1. An electrohydraulic clutch driving mechanism, characterized by: the oil feeding device comprises a shell, a driving motor, a driving top cylinder and an oil feeding pump body, wherein a piston rod capable of horizontally moving is arranged in the oil feeding pump body, a top rod capable of horizontally moving is arranged in the driving top cylinder, the head end of the top rod is fixedly connected with the tail end of the piston rod, and the top rod controls oil feeding and oil return of the oil feeding pump body by pushing the movement of the piston rod;

the driving top cylinder and the oil feeding pump body are sequentially connected to one side of the bottom of the shell, the driving motor is connected to one side of the top of the shell, a transmission gear set is arranged in the shell, and the driving motor is in transmission connection with the driving top cylinder through the transmission gear set.

2. An electrohydraulic clutch driving mechanism according to claim 1, wherein: the driving top cylinder further comprises a driving screw rod, the head end of the driving screw rod is fixedly connected with the tail end of the ejector rod, and the driving top cylinder is movably connected with the transmission gear set through the driving screw rod.

3. An electrohydraulic clutch driving mechanism according to claim 2, wherein: the transmission gear set comprises a transmission gear and a driving gear, the transmission gear and the driving gear are both rotatably arranged in the shell, the driving gear is of an annular hollow structure, the middle of the driving screw is in threaded connection with the center of the driving gear, one end of the driving motor is a rotatable motor output shaft, the motor output shaft is meshed with the transmission gear, the transmission gear is meshed with the outer wall of the driving gear, and the driving gear is in transmission connection with the motor output shaft through the transmission gear.

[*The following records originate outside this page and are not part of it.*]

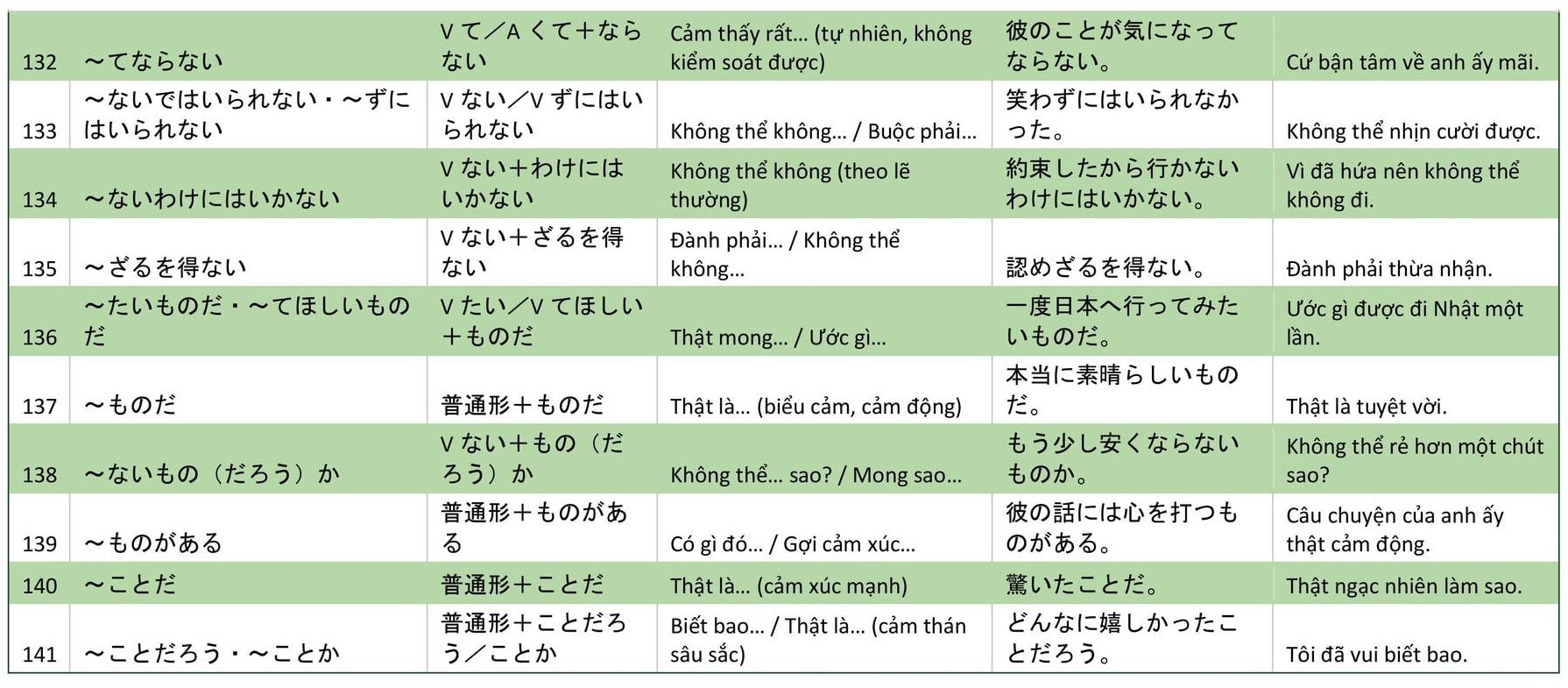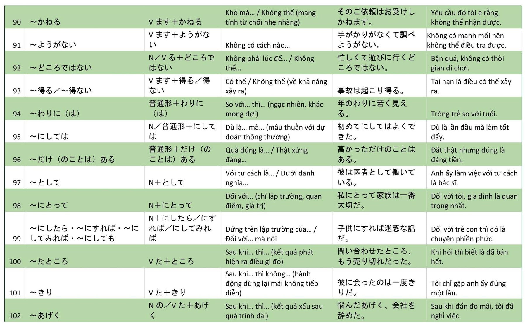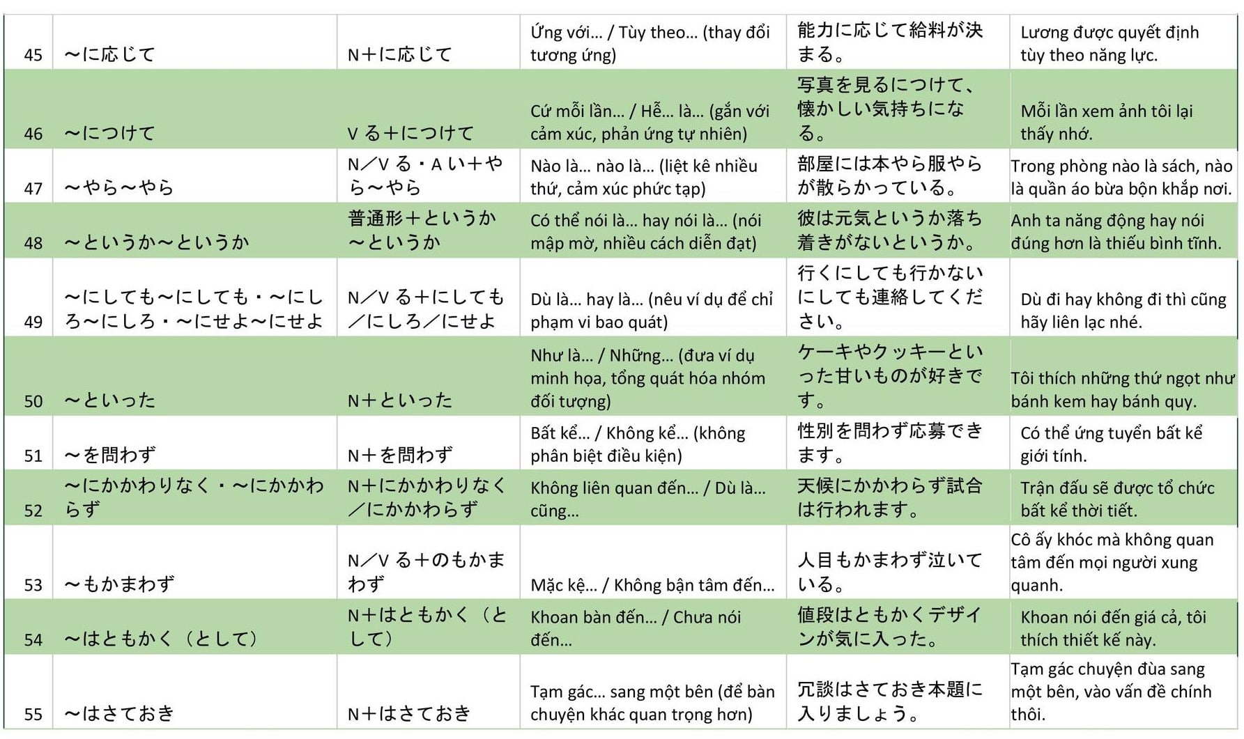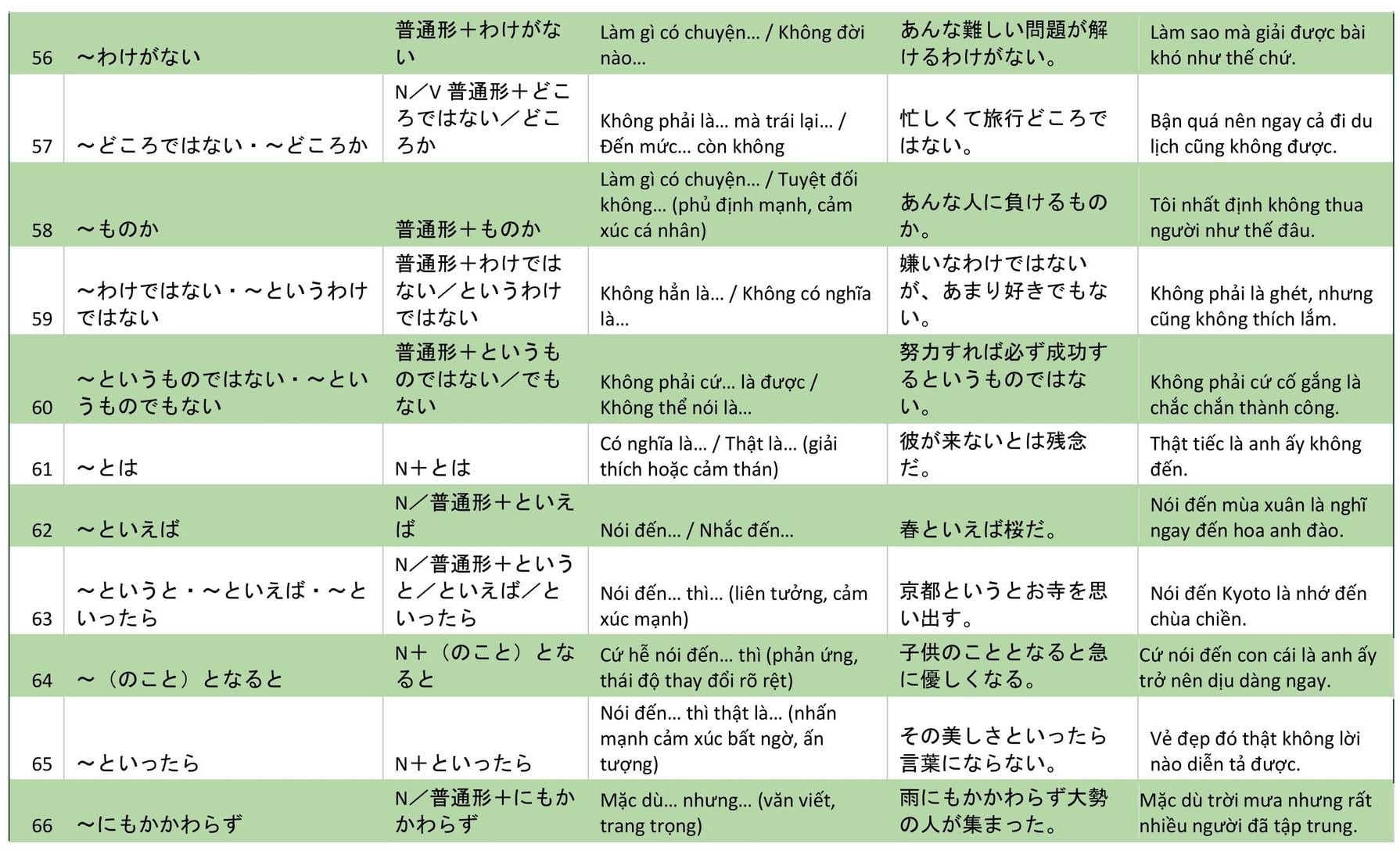 Tóm tắt 141 Cấu trúc ngữ pháp tiếng Nhật N2.
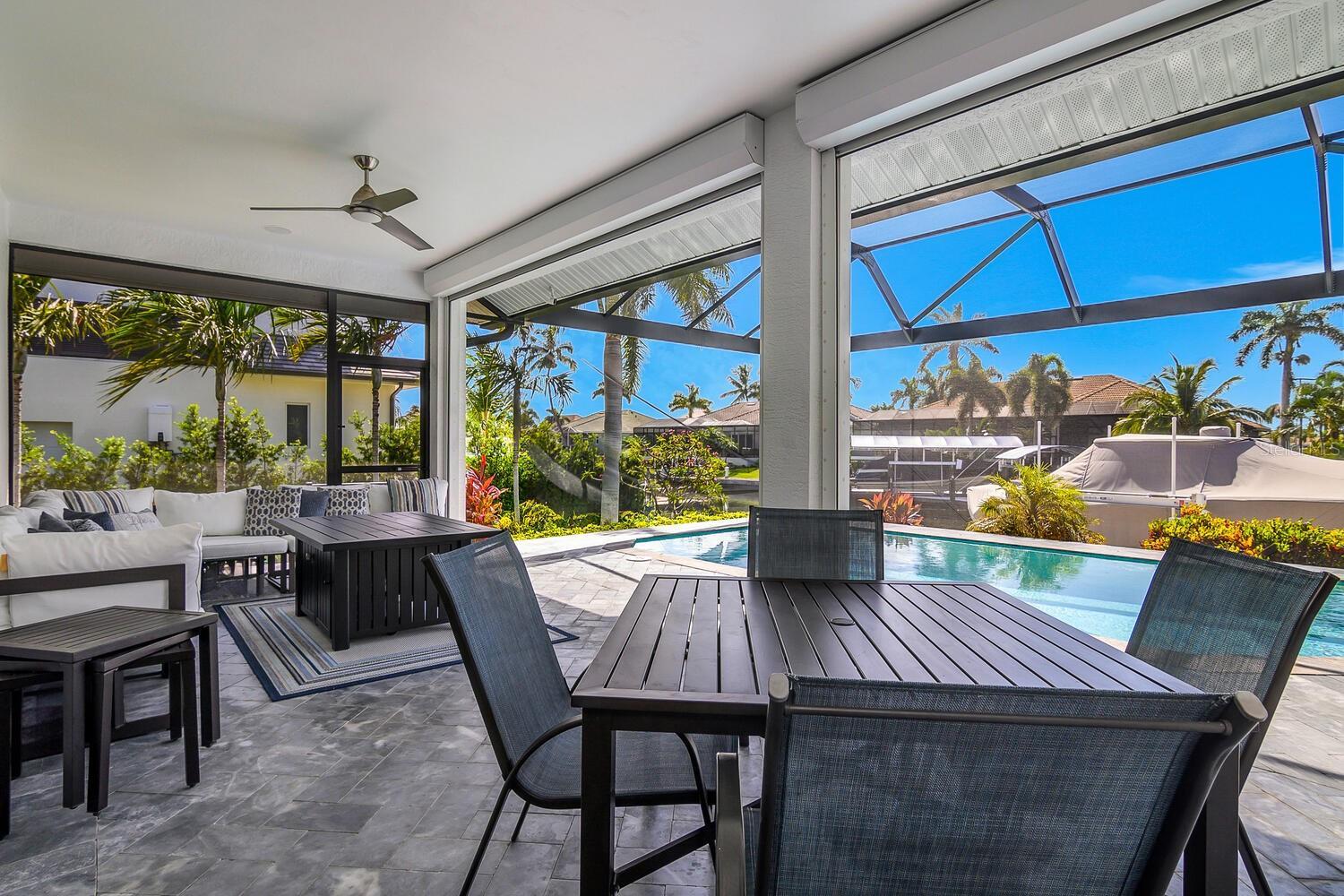 "UNIQUE OPPORTUNITY" This is more than just a home, it's an invitation to experience the ultimate island lifestyle in a thriving, upscale neighborhood. This water front home located on an oversized lot in the impressive Tigertail neighborhood on Marco Island is deep water direct that allows for a larger vessel. Where you can walk, bike or boat to one of our fine shops and restaurants. This elegant home offers a neutral pallet with 3 bedroom 2 baths including an office. Enjoy spacious open split floor plan with high ceilings, large rooms including a family room, sitting room, dining room, breakfast nook, large stone island, fully equipped kitchen, and bahama shutters. The primary suite offers tray ceilings, large stone shower, two closets and two vanities. The back of the house is a wall of windows that overlook the salt water lap pool with panoramic screen. The spacious pool deck is ready for entertaining with a firepit table, sectional and dining table. You can lounge on the deck below alongside the dock with two boat slips. Very well maintained property. The flat tile roof and stylish pavers adorn the driveway that take you to the large garage with ample storage, high ceilings, 3 bays with an epoxy floor. Professionally decorated, lush landscape, hurricane roll downs, generator on a transfer switch, security system and offered turn key. A fantastic opportunity! A ready made island lifestyle in a neighborhood with new elegant modern estate homes. Marco Island is an active lifestyle. Famous for our crescent beach with sugar sand, easy boating, great golf, tennis, cuisine from around the world and the best sunsets on the planet. This truly is the "ULTIMATE PACKAGE".
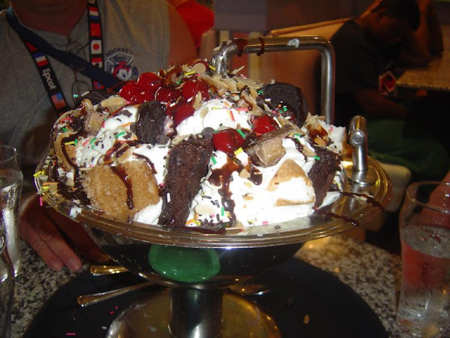 Más de 20 bolas de helado de vainilla, chocolate, fresa, café, y menta con todos los condimentos de la cocina y un bote entero de nata montada. Postre para un mínimo de 4 personas, digno de ver…
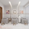 Tiếp đến là không gian chăm sóc body và làm nail của spa Hoài Thương. Khu vực này phân chia 3 công năng khác nhau như làm móng, chăm sóc body và bàn trang điểm. Sự bố trí hài hòa, hợp lý giữa các khu vực chức năng này giúp spa trở nên ngăn nắp, chuyên nghiệp hơn.
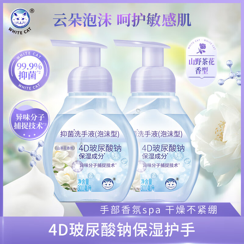 白猫泡沫洗手液京东官方补充装抑菌非免洗儿童大桶装替换装天然成分 2瓶-600ml【致敏率0%】
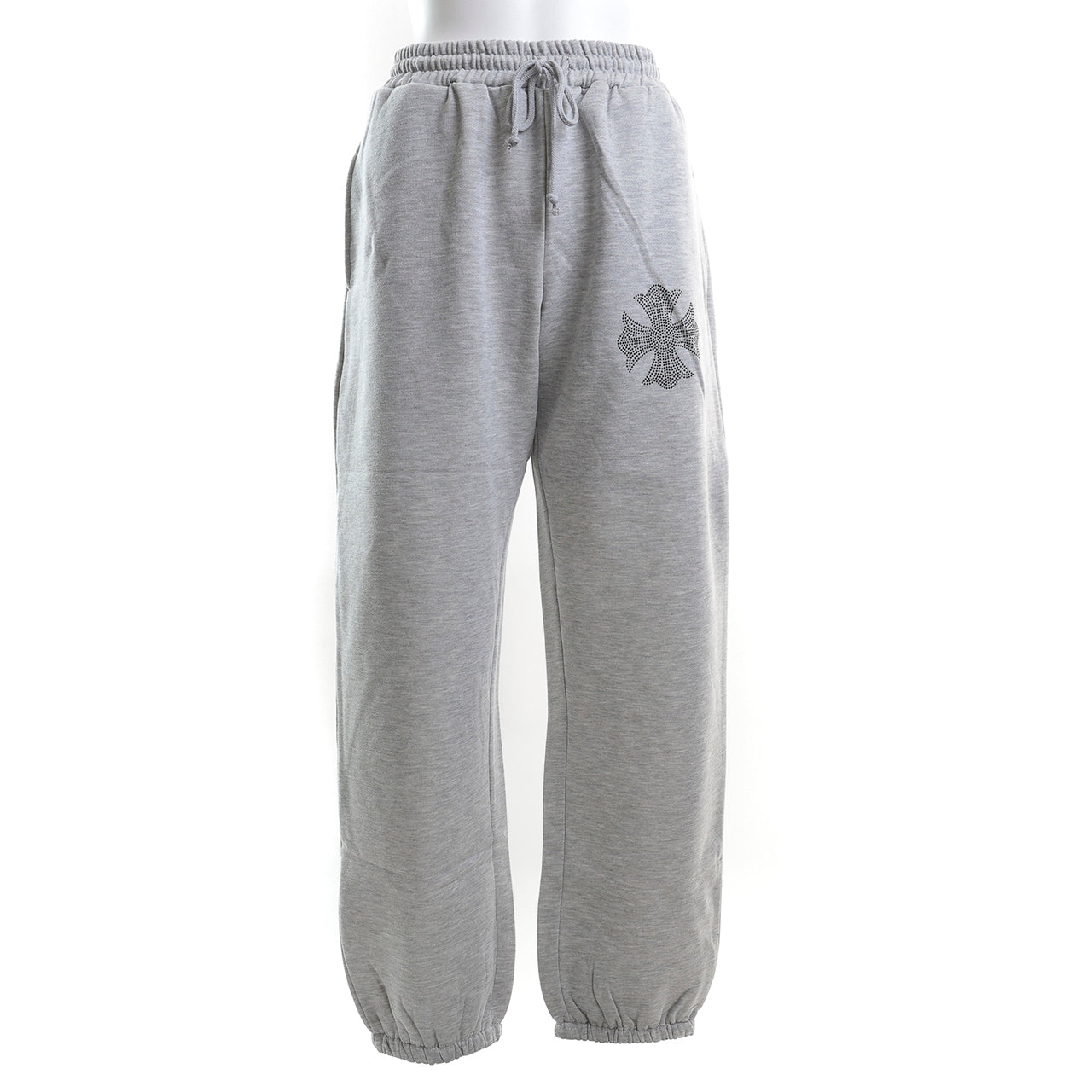 裏起毛 ラインストーン スタッズロングパンツ(クロス/グレー)
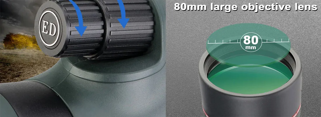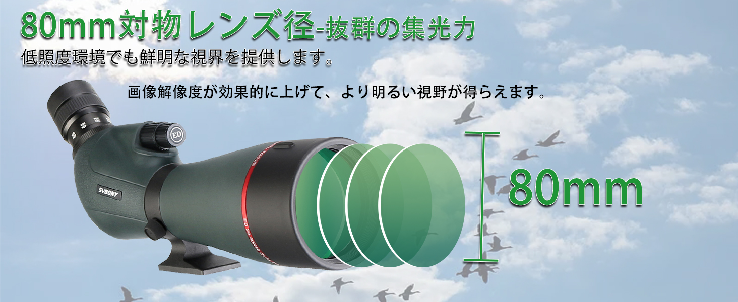 対物レンズの直径は80mmで、マルチコーティングされたBAK4プリズムを採用し、コントラストが高く鮮明に見ることができます。
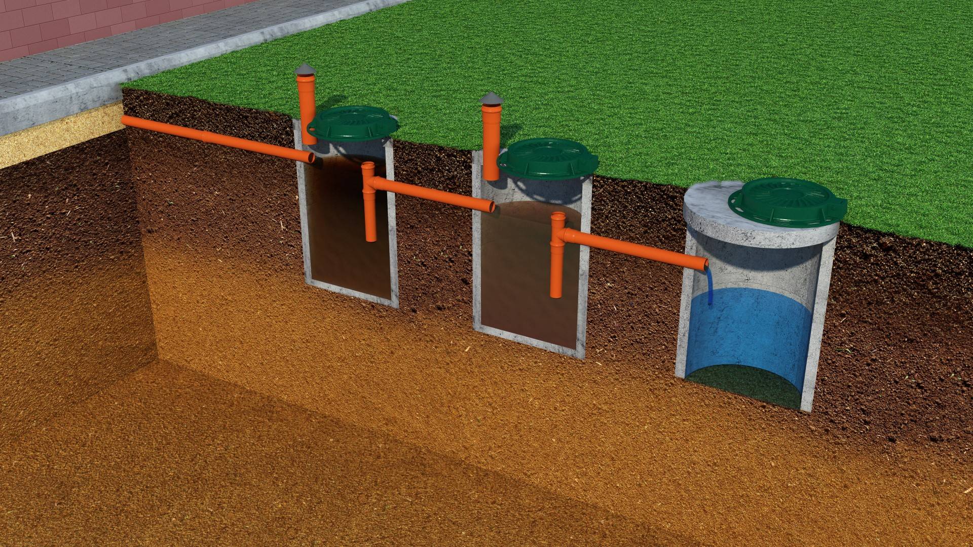 Первые два колодца предназначены для переработки стоков, а последний — для фильтрации прошедшей две степени очистки жидкой составляющей канализационной массы. Его дно и/или стены делают проницаемыми, как и при сооружении двухкамерной канализации.
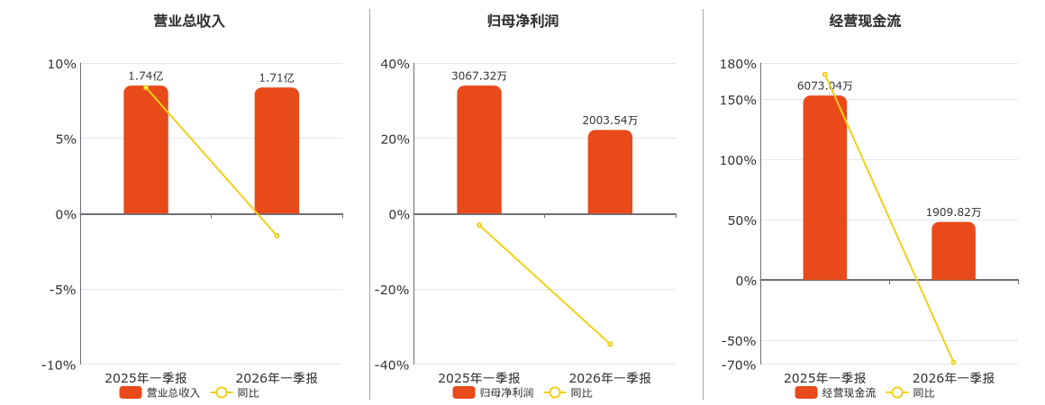 公司营业总收入为1.71亿元,较去年同报告期营业总收入减少255.91万元,同比较去年同期下降1.47%。归母净利润为2003.54万元,较去年同报告期归母净利润减少1063.78万元,同比较去年同期下降34.68%。经营活动现金净流入为1909.82万元,较去年同报告期经营活动现金净流入减少4163.22万元,同比较去年同期下降68.55%。
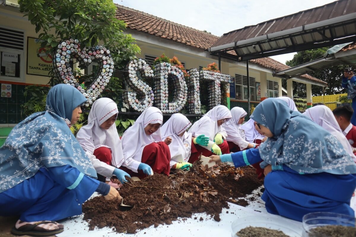 Bibit cabai tersebut ditanam menggunakan pupuk kompos buatan sendiri yang telah melalui proses pengolahan cukup lama. Selain itu, kegiatan ini juga memanfaatkan galon bekas yang dipotong menjadi pot tanaman, sebagai solusi kreatif atas keterbatasan lahan sekolah.
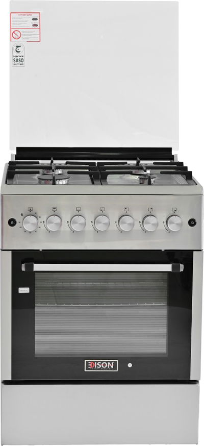 فرن غاز قائم إديسون، 60 ×60 سم، 4 شعلات، 6 مفاتيح تحكم، EDGS-FRR-204 - فضي أسود
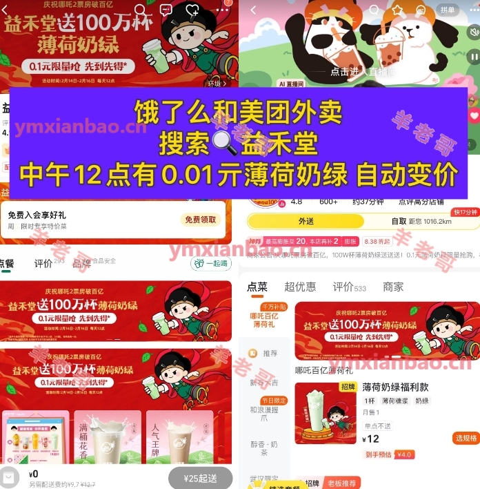 美团和饿了么APP搜索“益禾堂”,随便点一家店进入,中午12点,有0.01亓薄荷奶绿
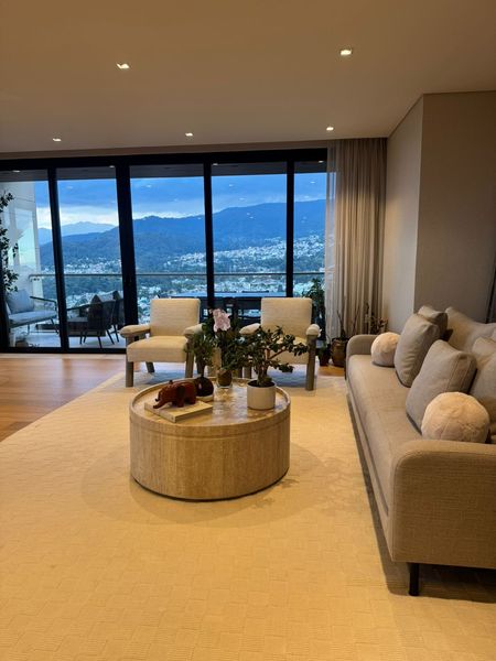 El departamento amplio, iluminado, pisos de madera, mármol, cristal templado y acabados de lujo.

4. An electrohydraulic clutch driving mechanism according to claim 1, wherein: the inside of drive top jar still is equipped with direction subassembly, and direction subassembly includes the guide rod body and deflector, and the ejector pin is kept away from the one end of giving the oil pump body and is run through the middle part of deflector, and the guide rod body sets up the inside at the drive top jar horizontally, and the both sides of deflector all are equipped with the guide hole of guide rod body assorted, peg graft between guide hole and the guide rod body, carries out swing joint between guide plate through guide hole and the guide rod body.

5. An electrohydraulic clutch driving mechanism according to claim 4, wherein: the outside of drive top jar still is equipped with clutch sensor, and clutch sensor can extend to the inside of drive top jar and deflector carry out swing joint.

6. An electro-hydraulic clutch actuation mechanism according to claim 5, wherein: the clutch sensor extends to the inside one end of drive top jar and is rotatable drive fork board, and the one end of drive fork board rotationally is connected with clutch sensor, and the fork groove has been seted up to the other end of drive fork board, and the lateral wall of deflector is equipped with outside bellied spacing post, and spacing post is inlayed in the inside of fork groove.

7. An electrohydraulic clutch driving mechanism according to any of claims 1-6, wherein: the oil feeding pump body is provided with an oil feeding hole at one end far away from the driving top cylinder, an oil return hole is arranged at one side of the oil feeding pump body, and the head end of the piston rod can push oil to one side of the oil feeding hole.